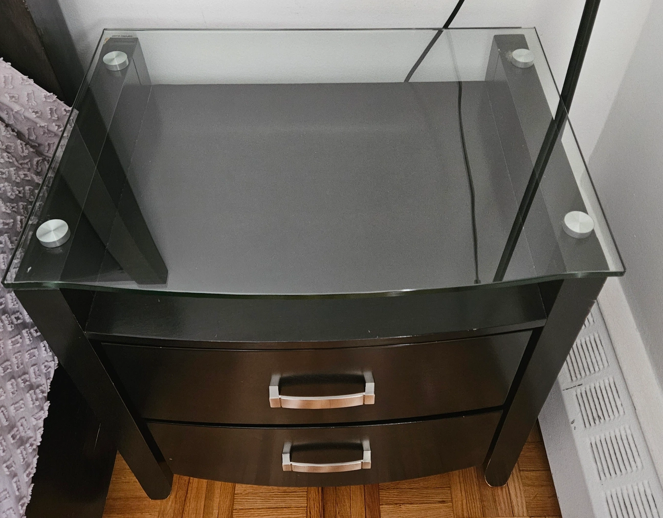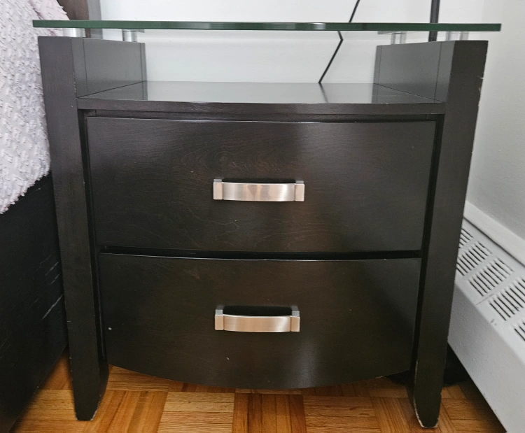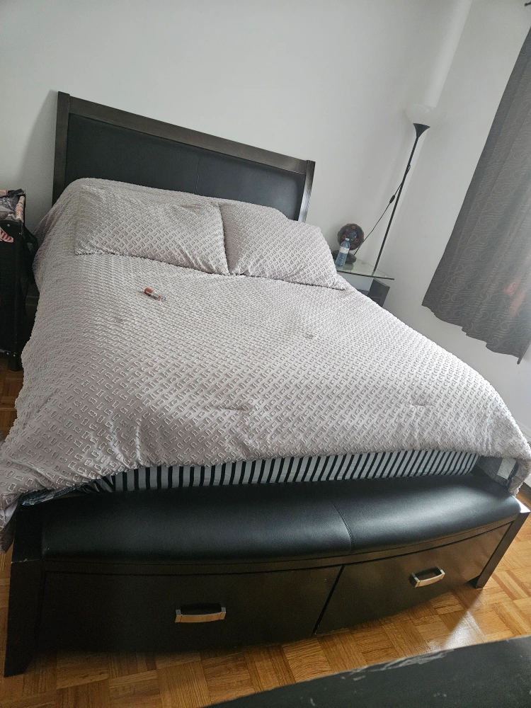Queen bed frame with a night table a side is the bed frame is leder very good condition is very nice and clean the bed has also two drawers luge to put stuff there + the storage under the bed has space to put stuff under the bed as well it comes with out mattres
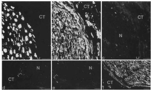 Fig. 8a-f. Immunofluorescence microscopy of frozen cross-sections of human optic nervc, using antibodies to different IF proteins
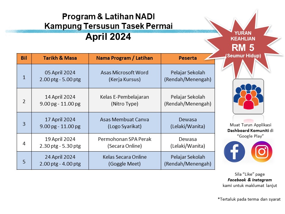 Jadual Kelas Bulan April 2024
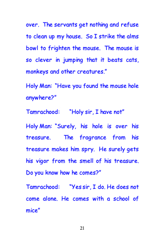 over. The servants get nothing and refuse to clean up my house. So I strike the alms bowl to frighten the mouse. The mouse is so clever in jumping that it beats cats, monkeys and other creatures.”
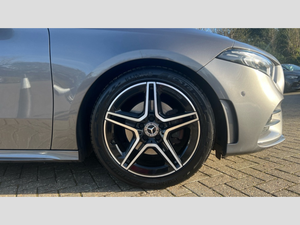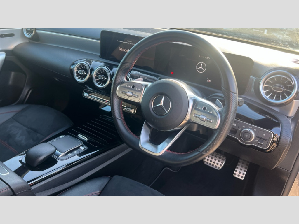 Mercedes-Benz A Class A200 AMG Line Executive 5dr Auto 10.25" Digital instrument cluster display screen, 10.25" media display, 180 degree rear view camera with parking guidelines, Active parking assist with visual and audible warning of detected obstacles, Attention assist, Brake pad wear indicator warning light, Car wash mode, Cruise control + speed limiter, Direct steering, Dual bluetooth interfaces, DYNAMIC SELECT with a choice of driving modes (ECO, Comfort, Sport and Individual), ECO start/stop function, Fluid level warning indicator for fuel, oil, coolant and washer fluid, Hard-disk navigation, Hey Mercedes Voice activation, Lamp failure indicator, Lane keeping system, Mercedes me connect including emergency call system, accident recovery, breakdown and maintenance management, Mercedes me remote services, Outside temperature gauge, Owners manual in English, Pre-installation for private car sharing, Preinstallation for Mercedes Benz link, Service indicator (ASSYST), Smartphone integration with Apple CarPlay and Android auto, Speed limit assist, Speed sensitive power steering, Trip computer, Ultrasonic sensors positioned in the front and rear bumpers, Lowered comfort suspension, Rear axle torsion beam, 2 USB ports (type C) in rear stowage compartment and one in front of center console, 6 speakers, DAB Digital radio, MBUX multimedia system with DAB digital radio and touchpad including satellite navigation, Mercedes-Benz sound system - 100W, 4 Electric Front and Rear windows, Adaptive brake lights, AMG bodystyling - Front apron with splitter in chrome, rear apron with chrome trim and chrome visible trim elements in tailpipe, Automatic headlights, Black weather strip, Body colour bumpers, Body colour door handles with chrome inserts, Body colour side skirt, Electric adjustable and heated door mirrors with integrated LED side indicators, Exclusive diamond radiator grille, Exhaust system - Twin visible tailpipes in polished stainless steel, Headlamp assist automatic headlamp activation, Heated glass rear windscreen + timer control, LED High level third brake light, LED high performance headlamps with integrated LED daytime running lights, LED tail lamp, Privacy glass, Radio aerial, Rain sensing windscreen wipers with two sensitivity settings, Rear fog lights, Rear side wing doors, Rear wiper, 3 seat bench in 2nd row, 3 Spoke flat bottom leather multi function steering wheel with perforated leather in grip area, 40:20:40 split folding rear seats, Artico man-made leather/Microfibre Dinamica upholstery with red contrast stitching, Auto Mercedes-Benz child seat recognition sensor, Black air vents with surround in silver chrome, Black roof lining, Brushed stainless steel sports pedals with rubber studs, Controller on centre console with chrome surround, Floor mats with AMG lettering, Front centre armrest with storage compartment, Front seat backs luggage nets, Galvanished gear shift paddles on steering wheel, Heated front seats, Height/reach adjustable steering column, Illuminated Mercedes Benz lettering front door sills with changeable cover, Interior lighting - 64 colour Ambient lighting, Interior mirror with reading lamps in black and frameless, Manual height adjustable front seats, Rear head restraints, Seat occupancy sensor for front passenger seat, Single front passenger seat, Sports seats with integrated headrests, Stowage compartment in centre console with retractable cover, Sunvisors with illuminated vanity mirrors, Touchpad on center console, Twin front cupholders, Two zone thermotronic luxury automatic climate control, Light and sight pack - A Class, Mirror package - A Class, Night pack - A Class Saloon/Hatchback, Seat comfort pack - A Class, 3 rear 3 point seatbelts, ABS with Brake Assist, Active bonnet, Active brake assist includes forward collision warning system with autonomous braking, Adaptive brake assist with hold function and hill start assist, Black seatbelts, Childproof locks manually operated for rear doors and electrically operated for rear power windows, Crash responsive emergency lighting, Driver and passenger head and side airbags, Drivers knee airbag, Dual stage driver/passenger airbags, Electronic parking brake, ESP curve dynamic assist, ESP with ASR, Front and rear seatbelt reminder, Front brake callipers with Mercedes Benz lettering, ISOFIX and top tether child seat fixing points in two outer rear seats, Tyre pressure monitoring system, Warning triangle and first aid kit, Window airbags, Alarm system/interior protection/immobiliser, Keyless Go, Remote central locking and crash sensor with emergency opening function, Urban guard vehicle protection system with immobiliser and interior protection, Matrix look light longitudinal grain aluminium trim element, 18" AMG 5 twin spoke light alloy wheels aerodynamically optimised painted in black with highsheen finish, Summer tyres, Tirefit sealant kit
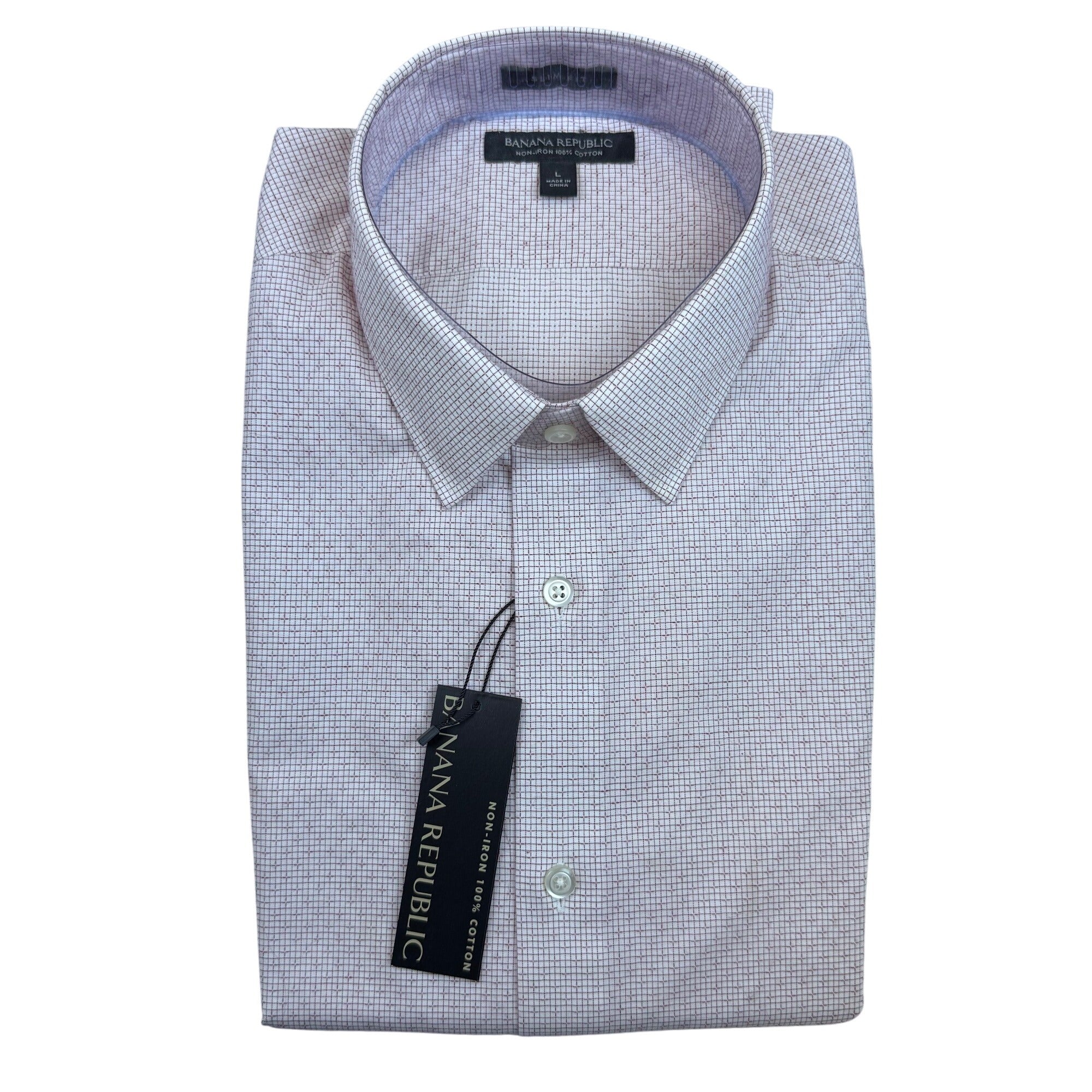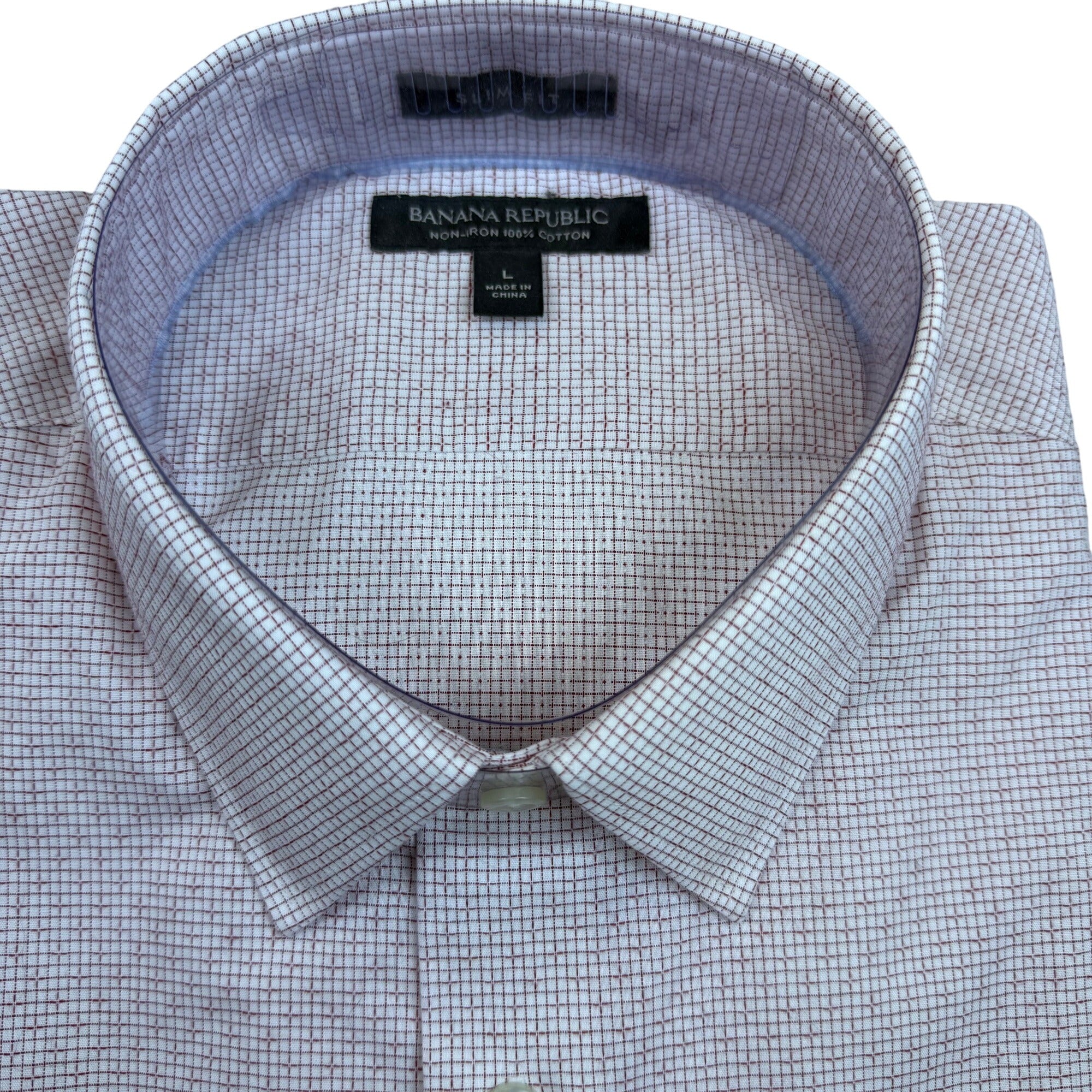 Banana Republic Mens Red Grid Pattern Shirt Non-Iron Button-Up Size L - New

---+---

* [Your task] In the listing above, find the line containing "Jadual Kelas Bulan April 2024" and the line containing "over. The servants", then write out both of them and every line between, exactly, with no pictures.

* [Expected answer]
 Jadual Kelas Bulan April 2024
 over. The servants get nothing and refuse to clean up my house. So I strike the alms bowl to frighten the mouse. The mouse is so clever in jumping that it beats cats, monkeys and other creatures.”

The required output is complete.